** YOUR GOAL **
Across the records below, count the lines that contain "Control" and write down only the count.

** INPUT FOR THIS TASK **
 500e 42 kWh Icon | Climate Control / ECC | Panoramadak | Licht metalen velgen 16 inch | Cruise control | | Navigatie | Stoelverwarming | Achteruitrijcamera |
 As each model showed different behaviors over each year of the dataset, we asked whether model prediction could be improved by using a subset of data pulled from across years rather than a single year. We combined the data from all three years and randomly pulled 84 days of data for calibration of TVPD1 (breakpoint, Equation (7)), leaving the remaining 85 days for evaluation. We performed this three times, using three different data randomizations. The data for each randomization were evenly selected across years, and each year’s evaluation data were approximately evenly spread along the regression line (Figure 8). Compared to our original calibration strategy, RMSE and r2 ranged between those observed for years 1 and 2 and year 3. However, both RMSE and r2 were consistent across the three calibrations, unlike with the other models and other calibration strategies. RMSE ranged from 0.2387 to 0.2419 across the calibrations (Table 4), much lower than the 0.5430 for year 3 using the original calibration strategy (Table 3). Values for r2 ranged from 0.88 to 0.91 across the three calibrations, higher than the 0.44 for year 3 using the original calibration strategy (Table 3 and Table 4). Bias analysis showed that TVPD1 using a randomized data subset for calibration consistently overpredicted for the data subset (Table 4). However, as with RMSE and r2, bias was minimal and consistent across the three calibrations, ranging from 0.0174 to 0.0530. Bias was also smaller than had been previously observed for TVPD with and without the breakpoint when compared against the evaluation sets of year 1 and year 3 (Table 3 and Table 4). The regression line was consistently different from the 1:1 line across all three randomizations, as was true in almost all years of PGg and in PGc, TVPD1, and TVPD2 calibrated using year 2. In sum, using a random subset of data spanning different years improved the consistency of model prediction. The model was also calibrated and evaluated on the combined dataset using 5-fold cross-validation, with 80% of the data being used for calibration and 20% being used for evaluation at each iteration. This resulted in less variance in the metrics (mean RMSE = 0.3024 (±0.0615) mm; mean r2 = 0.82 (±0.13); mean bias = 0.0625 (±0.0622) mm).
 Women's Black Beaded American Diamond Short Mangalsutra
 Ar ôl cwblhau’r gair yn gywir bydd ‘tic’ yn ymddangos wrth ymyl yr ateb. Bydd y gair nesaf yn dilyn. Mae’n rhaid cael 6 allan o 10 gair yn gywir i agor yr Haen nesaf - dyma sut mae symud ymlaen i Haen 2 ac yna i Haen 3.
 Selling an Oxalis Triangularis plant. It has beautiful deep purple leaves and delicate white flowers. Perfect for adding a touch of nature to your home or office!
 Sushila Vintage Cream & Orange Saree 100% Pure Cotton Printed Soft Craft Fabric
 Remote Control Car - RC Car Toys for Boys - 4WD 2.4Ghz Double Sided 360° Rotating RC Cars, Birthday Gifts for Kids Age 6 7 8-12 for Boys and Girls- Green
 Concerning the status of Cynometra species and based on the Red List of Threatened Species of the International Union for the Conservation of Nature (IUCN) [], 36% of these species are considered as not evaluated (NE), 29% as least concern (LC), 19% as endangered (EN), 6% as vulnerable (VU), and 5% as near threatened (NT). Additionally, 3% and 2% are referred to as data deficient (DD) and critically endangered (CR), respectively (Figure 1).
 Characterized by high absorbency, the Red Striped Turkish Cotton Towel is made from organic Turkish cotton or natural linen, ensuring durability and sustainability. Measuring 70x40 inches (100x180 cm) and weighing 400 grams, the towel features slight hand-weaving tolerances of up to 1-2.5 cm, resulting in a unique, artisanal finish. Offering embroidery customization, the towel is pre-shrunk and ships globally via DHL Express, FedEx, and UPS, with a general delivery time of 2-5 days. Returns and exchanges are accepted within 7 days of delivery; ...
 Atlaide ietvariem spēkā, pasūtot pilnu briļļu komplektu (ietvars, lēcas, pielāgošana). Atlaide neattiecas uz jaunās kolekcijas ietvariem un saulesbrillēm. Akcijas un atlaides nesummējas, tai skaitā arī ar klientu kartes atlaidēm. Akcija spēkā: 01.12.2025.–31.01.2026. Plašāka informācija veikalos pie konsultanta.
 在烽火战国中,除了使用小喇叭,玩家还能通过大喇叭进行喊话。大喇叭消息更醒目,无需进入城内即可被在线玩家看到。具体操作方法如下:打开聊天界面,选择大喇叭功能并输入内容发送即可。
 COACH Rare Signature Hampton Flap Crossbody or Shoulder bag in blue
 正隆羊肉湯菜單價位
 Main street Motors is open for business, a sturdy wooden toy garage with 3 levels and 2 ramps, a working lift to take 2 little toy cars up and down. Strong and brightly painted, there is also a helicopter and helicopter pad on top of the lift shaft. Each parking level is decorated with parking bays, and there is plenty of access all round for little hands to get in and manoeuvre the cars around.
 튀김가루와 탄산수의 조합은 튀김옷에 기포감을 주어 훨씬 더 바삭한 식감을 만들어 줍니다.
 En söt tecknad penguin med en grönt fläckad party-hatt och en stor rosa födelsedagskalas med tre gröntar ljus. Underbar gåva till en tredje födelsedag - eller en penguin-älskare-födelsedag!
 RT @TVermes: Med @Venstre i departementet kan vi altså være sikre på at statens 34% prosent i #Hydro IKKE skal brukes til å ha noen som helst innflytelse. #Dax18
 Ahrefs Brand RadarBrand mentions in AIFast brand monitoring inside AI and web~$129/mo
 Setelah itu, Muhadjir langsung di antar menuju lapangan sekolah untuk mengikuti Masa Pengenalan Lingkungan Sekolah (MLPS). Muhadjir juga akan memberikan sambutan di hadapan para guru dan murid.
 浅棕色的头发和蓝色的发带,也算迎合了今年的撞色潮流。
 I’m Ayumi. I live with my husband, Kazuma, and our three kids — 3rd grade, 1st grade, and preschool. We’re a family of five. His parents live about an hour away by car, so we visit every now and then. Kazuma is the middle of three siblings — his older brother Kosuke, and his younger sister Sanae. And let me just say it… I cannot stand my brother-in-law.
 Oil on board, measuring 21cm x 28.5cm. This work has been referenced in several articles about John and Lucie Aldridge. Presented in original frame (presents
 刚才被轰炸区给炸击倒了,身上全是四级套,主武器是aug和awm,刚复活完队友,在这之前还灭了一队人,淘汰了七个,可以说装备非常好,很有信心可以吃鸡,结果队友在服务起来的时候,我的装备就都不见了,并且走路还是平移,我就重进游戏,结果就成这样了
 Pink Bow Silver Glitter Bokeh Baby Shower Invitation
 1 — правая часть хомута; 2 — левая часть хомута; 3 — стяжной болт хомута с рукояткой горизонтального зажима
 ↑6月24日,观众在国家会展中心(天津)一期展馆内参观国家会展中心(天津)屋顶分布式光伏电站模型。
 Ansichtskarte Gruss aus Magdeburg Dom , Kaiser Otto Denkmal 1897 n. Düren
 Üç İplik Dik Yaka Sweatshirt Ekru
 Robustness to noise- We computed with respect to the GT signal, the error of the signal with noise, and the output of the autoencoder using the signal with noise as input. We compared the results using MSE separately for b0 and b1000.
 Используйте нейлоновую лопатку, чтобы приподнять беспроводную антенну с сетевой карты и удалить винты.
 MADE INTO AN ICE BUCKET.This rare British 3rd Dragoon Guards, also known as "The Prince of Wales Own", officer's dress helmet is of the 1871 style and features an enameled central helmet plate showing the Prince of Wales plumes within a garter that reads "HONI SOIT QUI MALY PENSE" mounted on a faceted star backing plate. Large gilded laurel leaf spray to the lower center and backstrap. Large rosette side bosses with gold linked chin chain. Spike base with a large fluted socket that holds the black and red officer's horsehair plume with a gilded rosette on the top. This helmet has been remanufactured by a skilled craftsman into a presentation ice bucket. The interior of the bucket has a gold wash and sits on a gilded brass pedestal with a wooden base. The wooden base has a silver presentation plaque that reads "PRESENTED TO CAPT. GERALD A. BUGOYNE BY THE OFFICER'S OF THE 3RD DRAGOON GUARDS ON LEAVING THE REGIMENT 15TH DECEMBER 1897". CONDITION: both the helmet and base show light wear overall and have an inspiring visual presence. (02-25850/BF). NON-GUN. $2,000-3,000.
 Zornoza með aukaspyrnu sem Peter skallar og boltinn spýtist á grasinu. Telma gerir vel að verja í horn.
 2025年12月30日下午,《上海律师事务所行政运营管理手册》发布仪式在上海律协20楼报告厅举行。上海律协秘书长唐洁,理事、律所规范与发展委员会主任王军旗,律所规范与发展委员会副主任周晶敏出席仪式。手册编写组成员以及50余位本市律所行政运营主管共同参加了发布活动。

** SOLUTION TO THIS EXERCISE **
2